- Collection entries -
#####
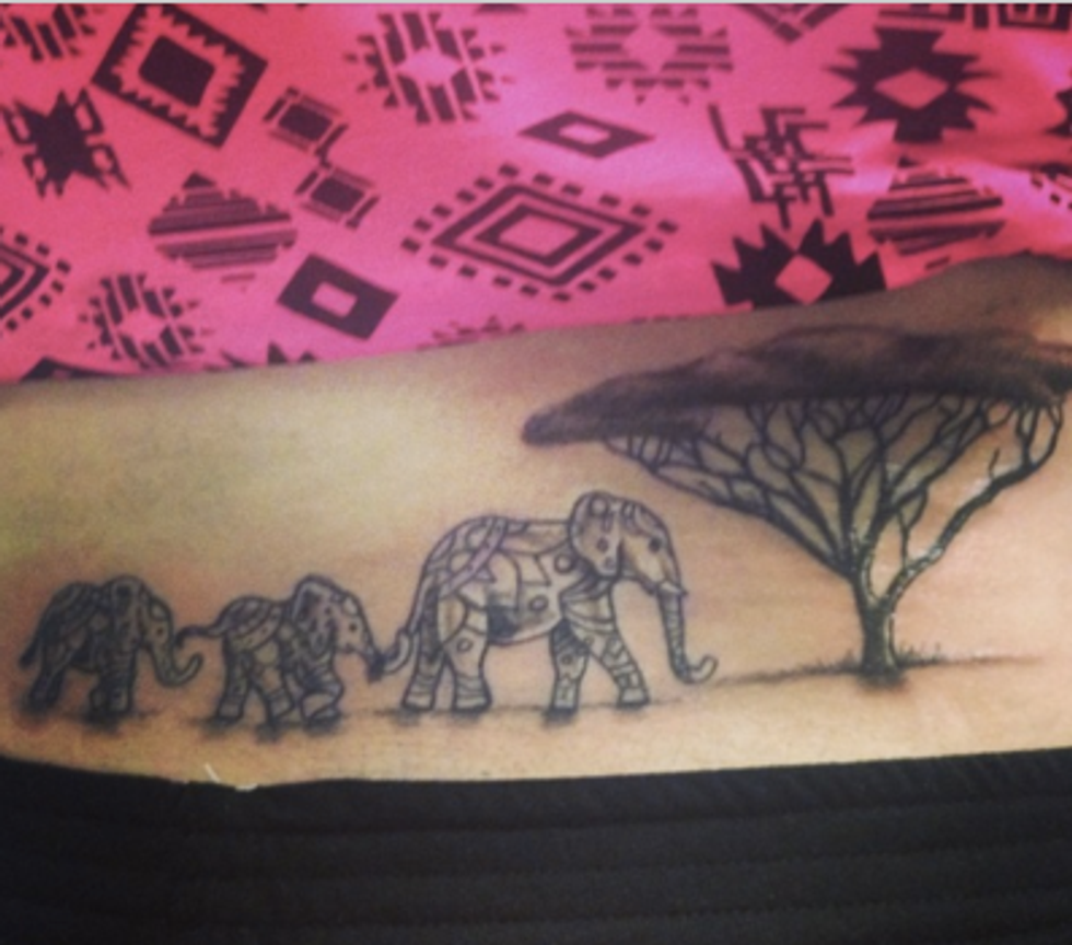 Elephants tend to stay together with their families, which is beautiful in itself. My tattoo has a family of three elephants to show my admiration of elephants and their loyalty to each other. This loyalty to one another shows their intelligence, as well as how loving these animals are.
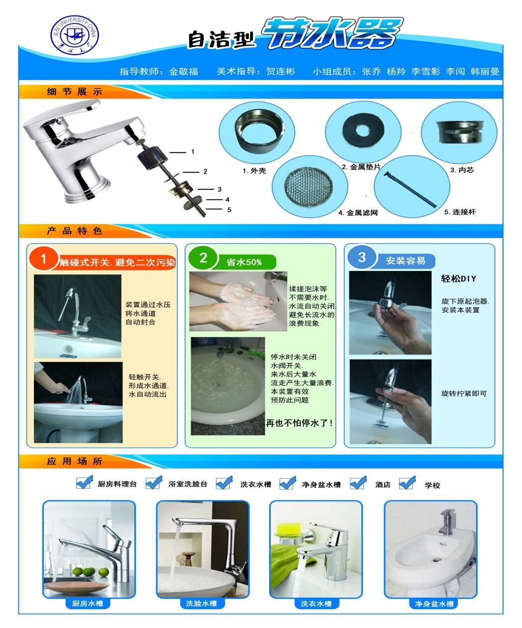 竞赛中公司包装工程专业2012级员工张乔、李雪影、杨羚、李闯参赛作品“一种自洁式触碰出水节水器”荣获科技实物类一等奖。
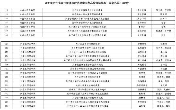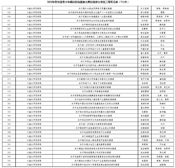 近日,团省委和省学联共同下发《2023年贵州省青少年模拟政协提案大赛结果公示》,“bat365在线中国登录入口团委”拟被评为“优秀组织单位”;同时,经过前期紧张的备赛和激烈的角逐,最终bat36578项作品进入获奖公示,其中拟获一等奖16项、二等奖23项、三等奖39项,成绩喜人,实现了bat365模拟政协提案大赛新的突破。
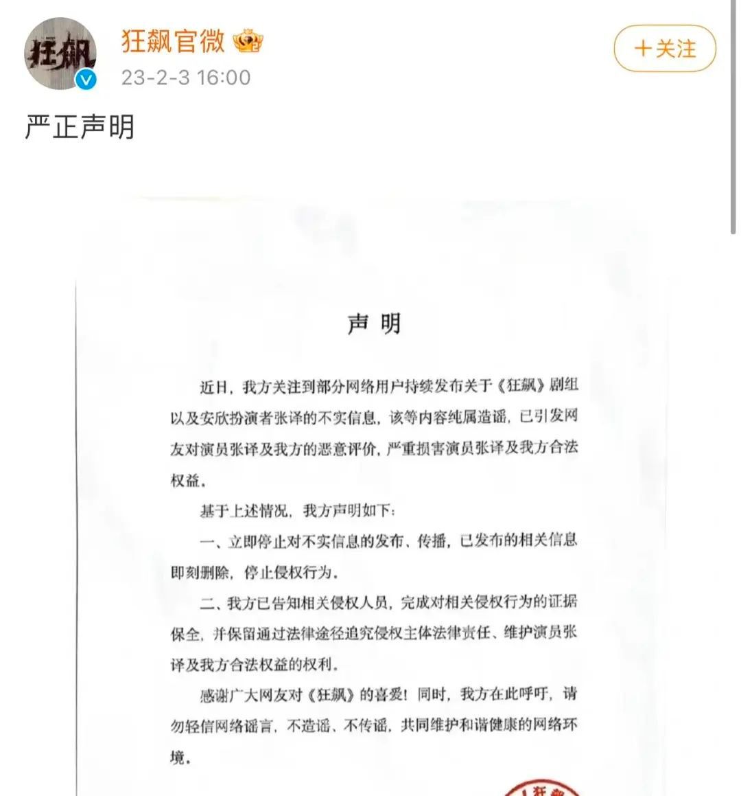 说起来,张译大火后的确引来了许多争议,包括在社交账号上删除《狂飙》唯一一张宣传照,被疑与剧组闹翻。直到《狂飙》官方账号发文澄清,才平息这场风波。
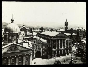 Keywords: Elevated view, government or municipal buildings and town square.jpg Looking down on cluster of government buildings with view of coat of arms on the main building In the foreground there is a partial view of a square with statue; car parked in front of the main building with view of adjoining gardens possibly in Cape Town or Pretoria IT IS IN PIETERMARITZBURG circa 1920 “ ca 1930 1 lantern slide glass Size cm 8 1 8 1 Institution State Library of Victoria object history exhibition history credit line Photographer unknown Undated but circa 1920 “1930 Title taken from provenance file accession number H92 339/57 place of creation SLVIC-digitalimage 95355 H92 339/57 This work is out of copyright No copyright restrictions apply <br>http //www slv vic gov au/about-us/plans-policies/copyright-library-items/do-i-need-librarys-permission-well-copyright-owners- Copying digitised material from the Library's collections You may find digital copies of items from the Library's collections such as photographs or recorded interviews on the Library's website and online catalogue Where this material is out of copyright it may be freely used provided the Library and the creator are acknowledged; however the Library does not endorse any inappropriate or derogatory use Custom license marker 2014 08 07 PD-Australia PD-US Uploaded with UploadWizard Lantern slides of South Africa South Africa in the 1920s Reliefs of British coats of arms in foreign countries KwaZulu-Natal Legislature Pietermaritzburg Town Hall History of Pietermaritzburg |
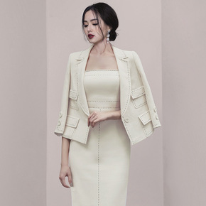 秋冬洋气轻奢小众时尚欧美女装小香风翻领西装中长款连...
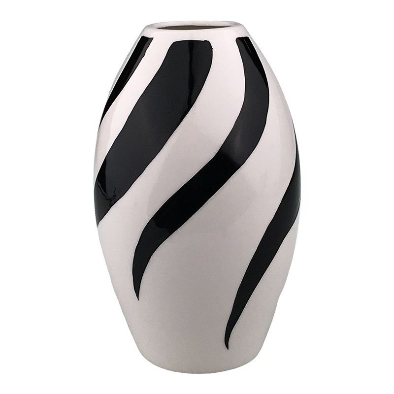 Vaza decorativa ovala cu dungi de zebra, 23 cm, Alb/Negru, 1690H Vaza decorativa ovala cu dungi de zebra, 23 cm, Alb/Negru, 1690H
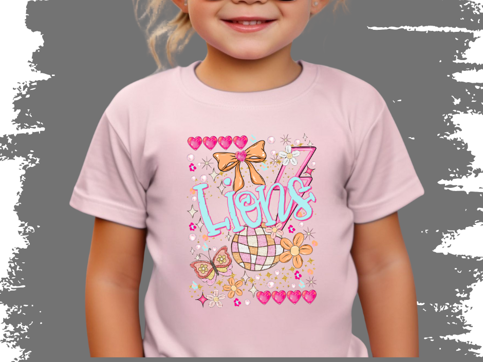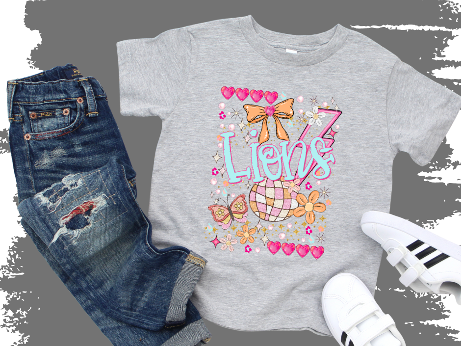 Full of color, charm, and Lions pride, this tee is a little fan’s dream come true! With sweet hearts, flowers, butterflies, a disco ball, and a big bold bow, it’s a playful twist on school spirit that’s ready for any occasion.
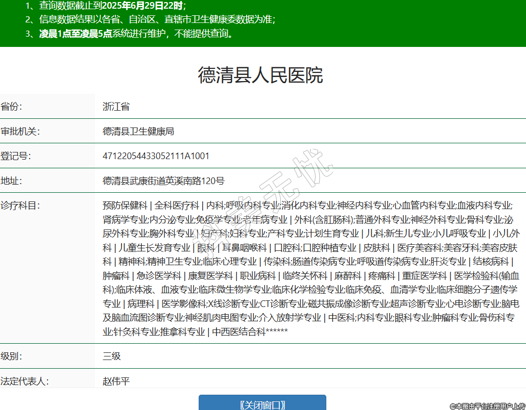 省份:浙江省審批機(jī)關(guān):德清縣衛(wèi)生健康局登記號(hào):47122054433052111A1001地址:德清縣武康街道英溪南路120號(hào)診療科目:預(yù)防保健科 | 全科醫(yī)療科 | 內(nèi)科;呼吸內(nèi)科專(zhuān)業(yè);消化內(nèi)科專(zhuān)業(yè);神經(jīng)內(nèi)科專(zhuān)業(yè);心血管內(nèi)科專(zhuān)業(yè);血液內(nèi)科專(zhuān)業(yè);腎病學(xué)專(zhuān)業(yè);內(nèi)分泌專(zhuān)業(yè);免疫學(xué)專(zhuān)業(yè);老年病專(zhuān)業(yè) | 外科(含肛腸科);普通外科專(zhuān)業(yè);神經(jīng)外科專(zhuān)業(yè);骨科專(zhuān)業(yè);泌尿外科專(zhuān)業(yè);胸外科專(zhuān)業(yè) | 婦產(chǎn)科;婦科專(zhuān)業(yè);產(chǎn)科專(zhuān)業(yè);計(jì)劃生育專(zhuān)業(yè) | 兒科;新生兒專(zhuān)業(yè);小兒呼吸專(zhuān)業(yè) | 小兒外科 | 兒童生長(zhǎng)發(fā)育專(zhuān)業(yè) | 眼科 | 耳鼻咽喉科 | 口腔科;口腔種植專(zhuān)業(yè) | 皮膚科 | 醫(yī)療美容科;美容牙科;美容皮膚科 | 精神科;精神衛(wèi)生專(zhuān)業(yè);臨床心理專(zhuān)業(yè) | 傳染科;腸道傳染病專(zhuān)業(yè);呼吸道傳染病專(zhuān)業(yè);肝炎專(zhuān)業(yè) | 結(jié)核病科 | 腫瘤科 | 急診醫(yī)學(xué)科 | 康復(fù)醫(yī)學(xué)科 | 職業(yè)病科 | 臨終關(guān)懷科 | 麻醉科 | 疼痛科 | 重癥醫(yī)學(xué)科 | 醫(yī)學(xué)檢驗(yàn)科(輸血科);臨床體液、血液專(zhuān)業(yè);臨床微生物學(xué)專(zhuān)業(yè);臨床化學(xué)檢驗(yàn)專(zhuān)業(yè);臨床免疫、血清學(xué)專(zhuān)業(yè);臨床細(xì)胞分子遺傳學(xué)專(zhuān)業(yè) | 病理科 | 醫(yī)學(xué)影像科;X線診斷專(zhuān)業(yè);CT診斷專(zhuān)業(yè);磁共振成像診斷專(zhuān)業(yè);超聲診斷專(zhuān)業(yè);心電診斷專(zhuān)業(yè);腦電及腦血流圖診斷專(zhuān)業(yè);神經(jīng)肌肉電圖專(zhuān)業(yè);介入放射學(xué)專(zhuān)業(yè) | 中醫(yī)科;內(nèi)科專(zhuān)業(yè);眼科專(zhuān)業(yè);腫瘤科專(zhuān)業(yè);骨傷科專(zhuān)業(yè);針灸科專(zhuān)業(yè);推拿科專(zhuān)業(yè) | 中西醫(yī)結(jié)合科******級(jí)別:三級(jí)法定代表人:趙偉平主要負(fù)責(zé)人:趙偉平執(zhí)業(yè)許可證有效期:2025/03/20 -至- 2039/06/05 -
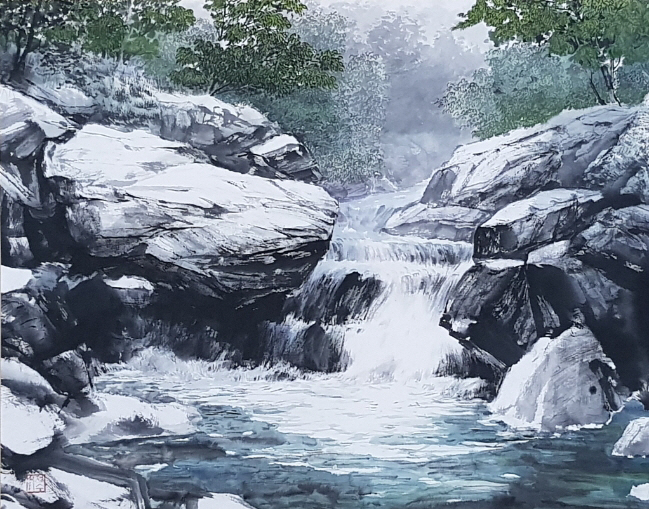 서 팀장은 “오래전 찾은 지리산에서 거침없이 흐르는 계곡과 바위, 나무로부터 영감을 받아 자연의 생동감과 한국화만이 가진 수묵의 진한 채색감을 가감없이 표현내고 싶었다”며 작품제작의 배경을 설명했다.
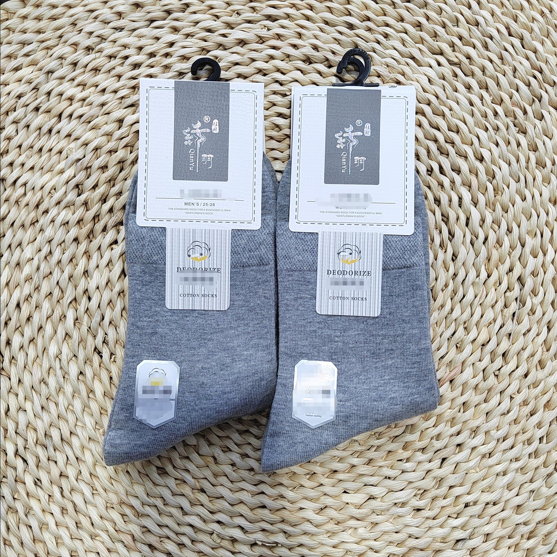 고급 깃털 남성용 봄과 가을 겨울 하이 배럴 블랙 및 화이트 그레이 퓨어 컬러 면 양말 캐주얼 퓨어 컬러 블랙 및 화이트 그레이 땀 흡수 비즈니스
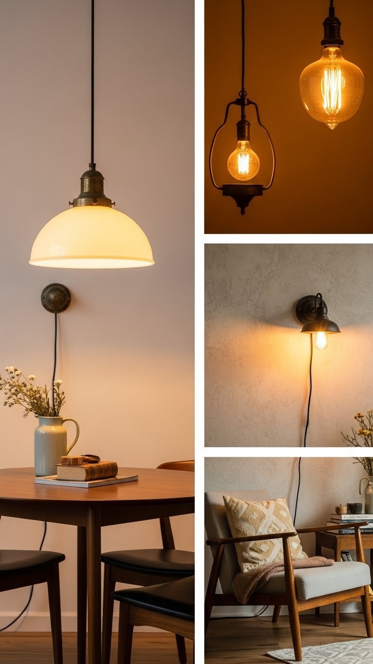 Elevate your rental’s personality with statement vintage lighting fixtures that act as functional art—think patinated brass pendants, opaline glass shades, or an industrial-era sconce hung above a reading nook. You can swap in antique pendants or filament chandeliers to define zones, boost warmth, and showcase your taste without permanent changes. Choose dimmable, renter-friendly fittings that feel personal and liberating.
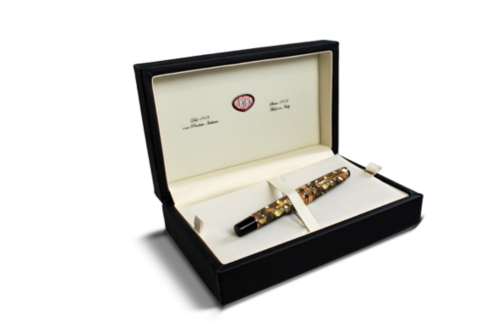 Limited to 365 numbered pieces, the Tortoiseshell sports an 18K gold nib and arrives in an Aurora display box.
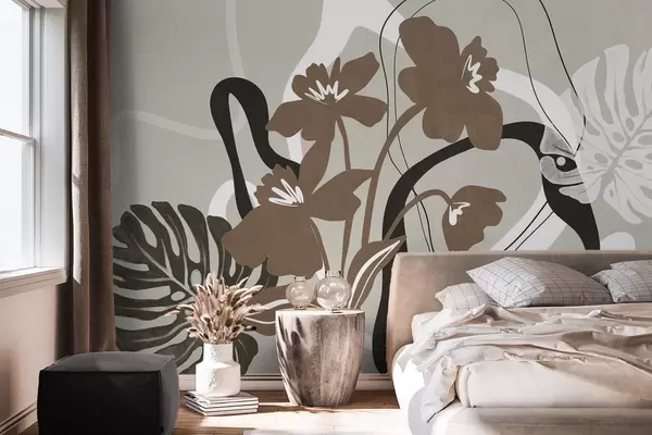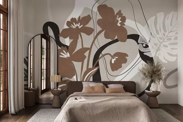 Fototapet Abstrakte brune blomster med hvid og sort tekstur på beige baggrund, minimalistisk kunst Nr. w09645v1
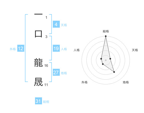 一口 龍晟さんの総格は31画の5点!
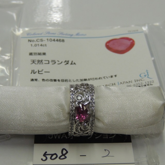 リング 非加熱ルビー Pt900 6.40g GRJ鑑 石目:2.034 0.97
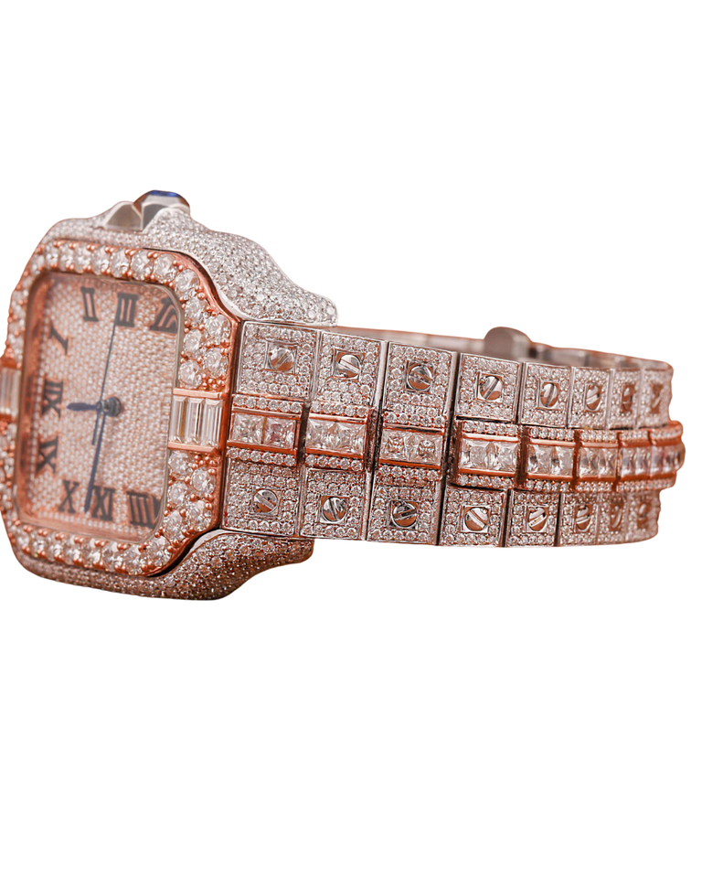 Montre connectée de luxe pour homme, directement de l'usine, bicolore, avec diamants Moissanite de clarté VVS et affichage en or rose entièrement serti
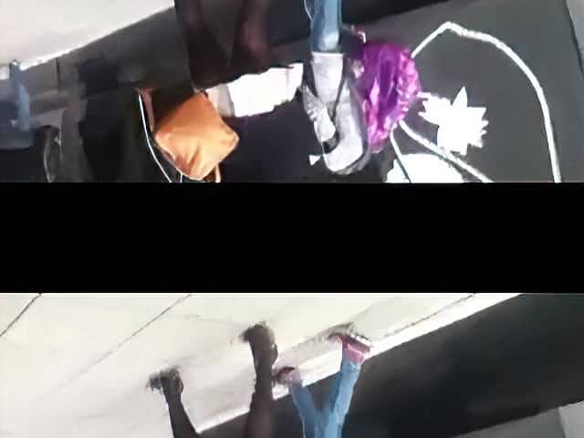 Asian chick in a voyeur downblouse wearing a pink bra nice tits
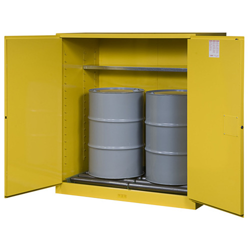 110-GAL YELLOW VERTICAL DRUM SAFETY CABINET WITH DRUM ROLLERS - JUSRL25760>
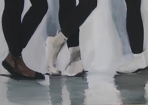 The two largest paintings in Yiadom-Boakye’s show, “Les Corbeaux,” commanding a whole wall, depict the same man, or doppelgängers. Their squatting form is boxed by a nearly square frame. Her title denotes an affectionate irony, as if her subjects had the innocence of birds, and their slight ridicule in claiming dignity. Manet did paint “The Raven (Le Corbeau)” for a print of a French edition of Poe’s “The Raven.” However, Yiadom-Boakye’s French title is more likely to refer to the raven blacks dressing both men. Her enjoyment at creating mystery and depth with her blacks, at bringing out the light, the silkiness of the whites, is palpable. French peppers the titles, fleshing out meaning in individual works, and the poem that prefaces the exhibition (see below) further builds on those meanings, broadens them and brings greater understanding to this intimate collection on the whole. The visual quotations speak loud, too: here are Degas’ reflections of ballerinas’ feet on the wooden floor:
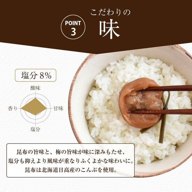 こちらのこんぶ梅を食べてから他の梅干しを買うことがなくなり、こちらのお店でずっとリピートしています。塩分控えめで、そのまま食べても美味しいですし、お料理にもよく使います。
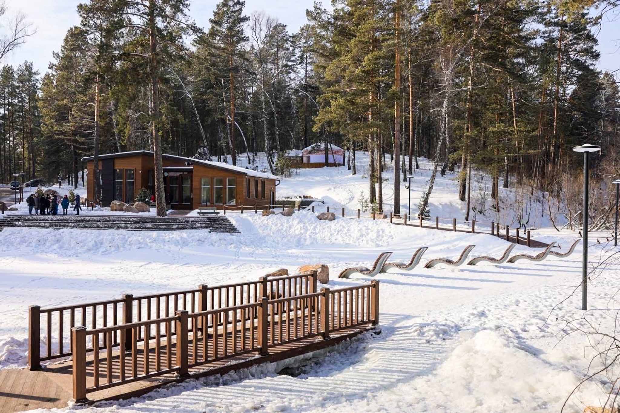 В любое время здесь можно прогуляться, прокатиться на канатной дороге, а по эко-тропе пройти на смотровую площадку. Отсюда открывается прекрасный вид на национальный парк «Красноярские Столбы». Дети останутся в восторге от уникального аттракциона — родельбана. Сани с ручным управлением едут по рельсам, будто американские горки, а скорость достигает 45 километров в час. Такая поездка точно запомнится надолго.
#####
- Problem requirements -
Set the pictures aside and reproduce exactly the lines above, from the line holding "Asian chick in" through the line holding "110-GAL YELLOW VERTICAL", both included, with nothing else.

- Result for this exercise -
 Asian chick in a voyeur downblouse wearing a pink bra nice tits
 110-GAL YELLOW VERTICAL DRUM SAFETY CABINET WITH DRUM ROLLERS - JUSRL25760>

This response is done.